According to the London Financial Times, Nigeria is going through "the worst economic crisis since independence in 1960". The crisis in Nigeria is magnified a thousand-fold by the world crisis of capitalism. All around the world the economy is either slowing down or sliding into recession. This has reduced the demand for oil. Thus Nigeria, which depends heavily on oil exports, is expecting state revenues to fall by about 50% in 1999.

The price of oil now stands at a little over $14 a barrel, and this is only thanks to the fact that the major oil-producing countries have agreed to reduce output. This means that compared to last year's $9.8bn expected revenue, this year the figure is expected to fall to around $7bn.

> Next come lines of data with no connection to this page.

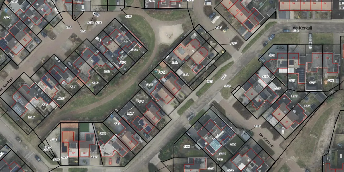 Het perceel waarop de Kerkuil 110 staat heeft een oppervlakte van 250 m². Dit is een middelgroot perceel. De perceeloppervlakte wordt geregistreerd door het Kadaster. Gedetailleerde informatie over de maten van dit perceel kunt u vinden in het rapport Kadastrale kaart met maatvoering van de Kerkuil 110.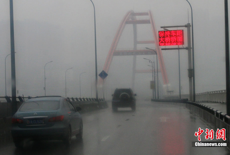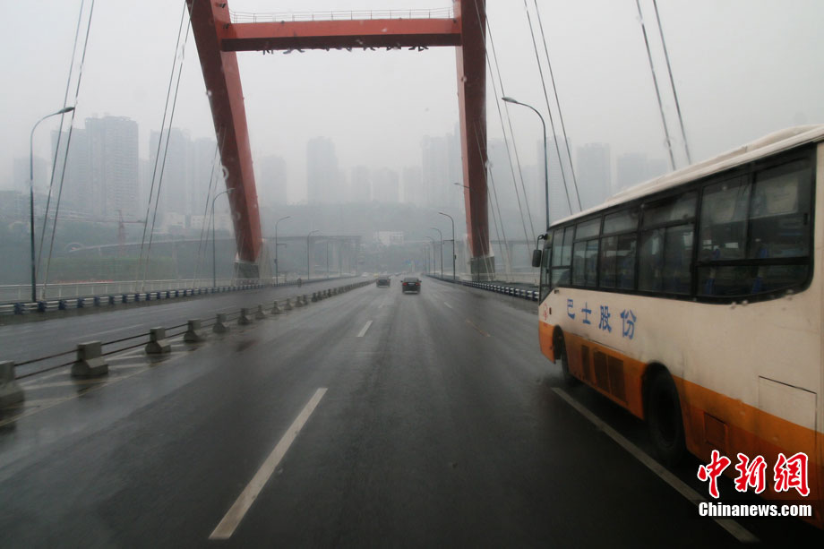 入冬以來,重慶連逢霧天。11月28日,一場雨霧再次來襲山城重慶。正午時分,雨霧仍未散去,重慶菜園壩長江大橋上視線仍不清晰。中新社記者 郭晉嘉 攝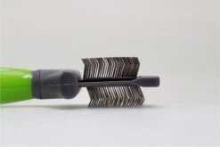 De borstel heeft een praktisch gelhandvat dat zich vormt naar je hand. Als hier haar op achterblijft na het kammen, dan kan je dit eenvoudig reinigen met een vochtige doek of onder de kraan.

However, the economy has already recorded a record-breaking deficit of 3250 billion, this is way above the projected deficit for the year. The Naira has been devalued thrice this year within a short period (from March 17 to May 5 1999), and it now goes for 394.88 to a Dollar officially and about 3100 in the black market. This is about 10% of its value in February; there are plans for further devaluation.

Paying the interest on the external debt of over $30bn would cost $3.6bn. That means that more than half the oil revenues would be consumed by interest payments, leaving very little for other expenditure. However, the government has only budgeted $1.5bn for interest repayment and is thus forced to seek a further loan of $1.8bn. Already a $1 billion loan has been secured secretly from the IMF, with conditionalities.

It is a never-ending spiral. They borrow more money just to pay interest on previous debts. Thus the overall debt goes up, making things worse next year, and so on. This will only serve to strengthen the stranglehold of imperialism on the Nigerian economy and the Nigerian peoples.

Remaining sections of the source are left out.